BEGIN

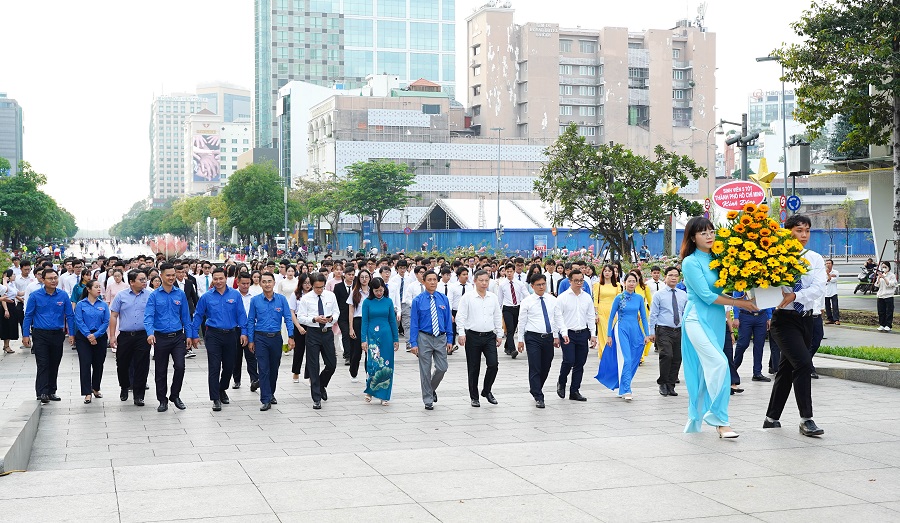 Ngay từ sớm, đại diện Trung ương Hội Sinh viên Việt Nam, lãnh đạo TP Hồ Chí Minh, Thành đoàn Thành phố cùng các tổ chức, đoàn thể tiến hành dâng hoa, báo công trước Tượng đài Chủ tịch Hồ Chí Minh (Phố đi bộ Nguyễn Huệ, Quận 1, TP Hồ Chí Minh).
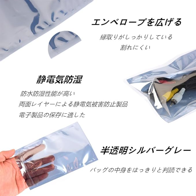 【セット内容・材質】セットには静電気防止袋が20枚入っています、CPP/PET製、厚さ0.15 mm、壊れにくく、無毒で異臭がなく、両面帯電防止層、帯電防止効果がより良い。
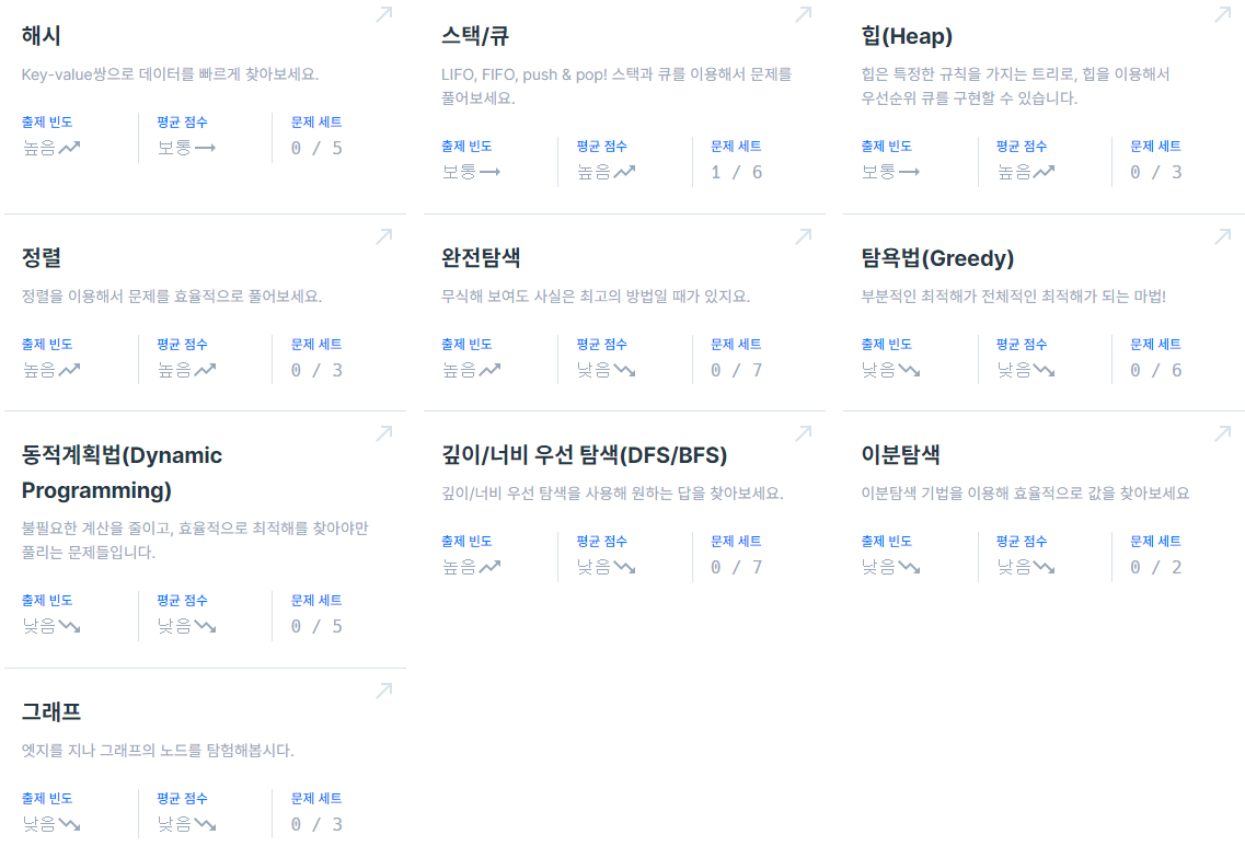 알고리즘의 종류들은 다음과 같이 프로그래머스 고득점 kit에 있는 알고리즘들이다 !!
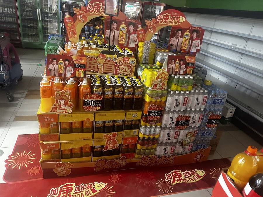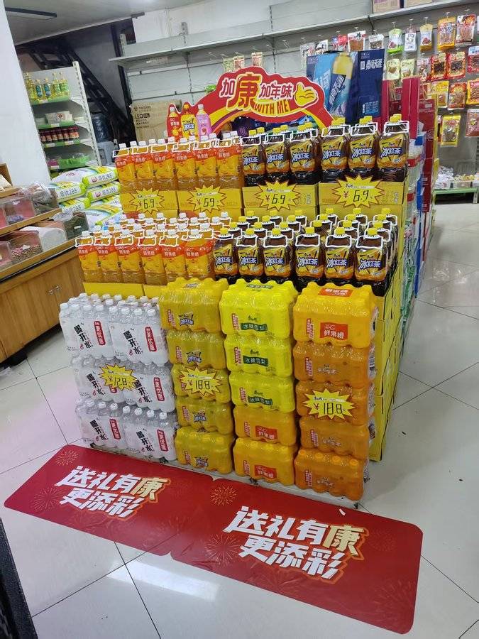 ①陈列品项:居家规格(2L/330/TP/CAN)及双水,多入装/整箱装为主;
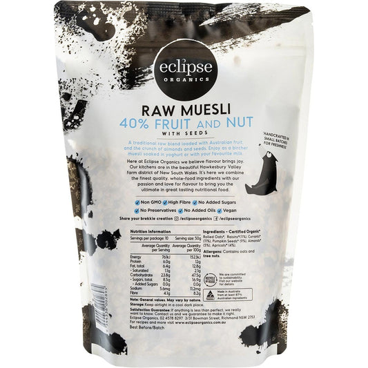 Eclipse Organics Organic Raw Muesli 40% Fruit and Nut 500g
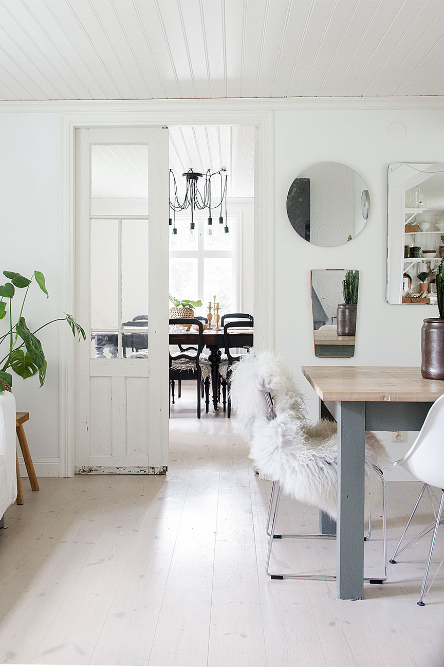 | Lampa till vänster är i från Markslöjd , soffa blocktfynd, bord hemmagjort. Svart bord, blocketfynd, stolar runt det svarta bordet, Loppisfynd Lampa över matbordet i köket och i vardagsrummet är i från Glöddesign |
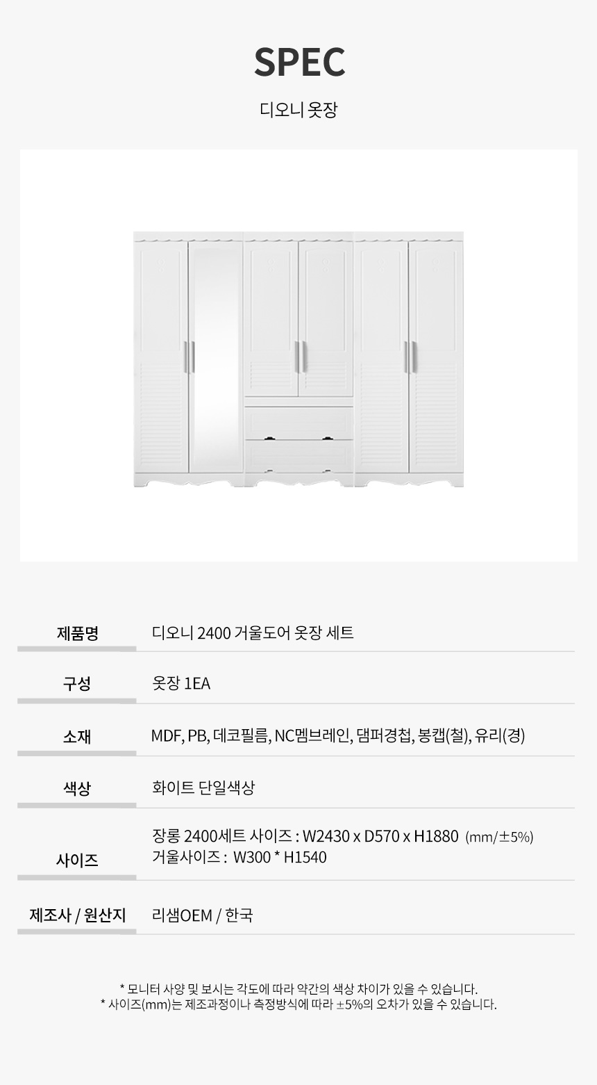 파로마 디오니 드레스룸 옷장 거울 2400세트
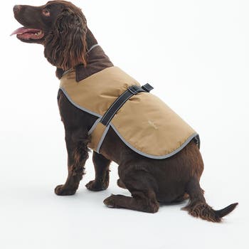 Keep your pup warm and dry when the weather's ruff in this weather-shedding coat with a classic tartan plaid lining.
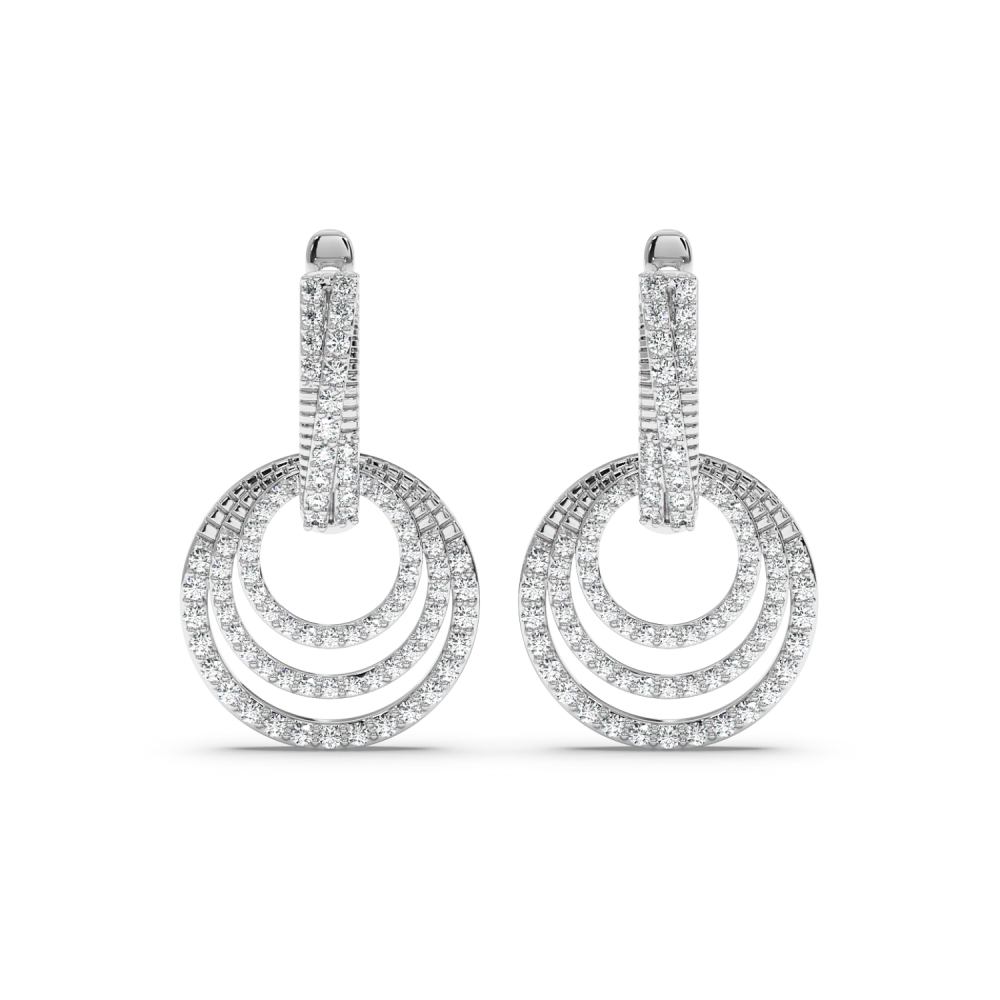 14 K white gold earrings with 0.59ct diamonds. The weight of the earrings is approximately 5 grams. The length of the earrings is approximately 2 cm.

END

Print the entries above word for word, without pictures.

__Response below__
 Ngay từ sớm, đại diện Trung ương Hội Sinh viên Việt Nam, lãnh đạo TP Hồ Chí Minh, Thành đoàn Thành phố cùng các tổ chức, đoàn thể tiến hành dâng hoa, báo công trước Tượng đài Chủ tịch Hồ Chí Minh (Phố đi bộ Nguyễn Huệ, Quận 1, TP Hồ Chí Minh).
 【セット内容・材質】セットには静電気防止袋が20枚入っています、CPP/PET製、厚さ0.15 mm、壊れにくく、無毒で異臭がなく、両面帯電防止層、帯電防止効果がより良い。
 알고리즘의 종류들은 다음과 같이 프로그래머스 고득점 kit에 있는 알고리즘들이다 !!
 ①陈列品项:居家规格(2L/330/TP/CAN)及双水,多入装/整箱装为主;
 Eclipse Organics Organic Raw Muesli 40% Fruit and Nut 500g
 | Lampa till vänster är i från Markslöjd , soffa blocktfynd, bord hemmagjort. Svart bord, blocketfynd, stolar runt det svarta bordet, Loppisfynd Lampa över matbordet i köket och i vardagsrummet är i från Glöddesign |
 파로마 디오니 드레스룸 옷장 거울 2400세트
 Keep your pup warm and dry when the weather's ruff in this weather-shedding coat with a classic tartan plaid lining.
 14 K white gold earrings with 0.59ct diamonds. The weight of the earrings is approximately 5 grams. The length of the earrings is approximately 2 cm.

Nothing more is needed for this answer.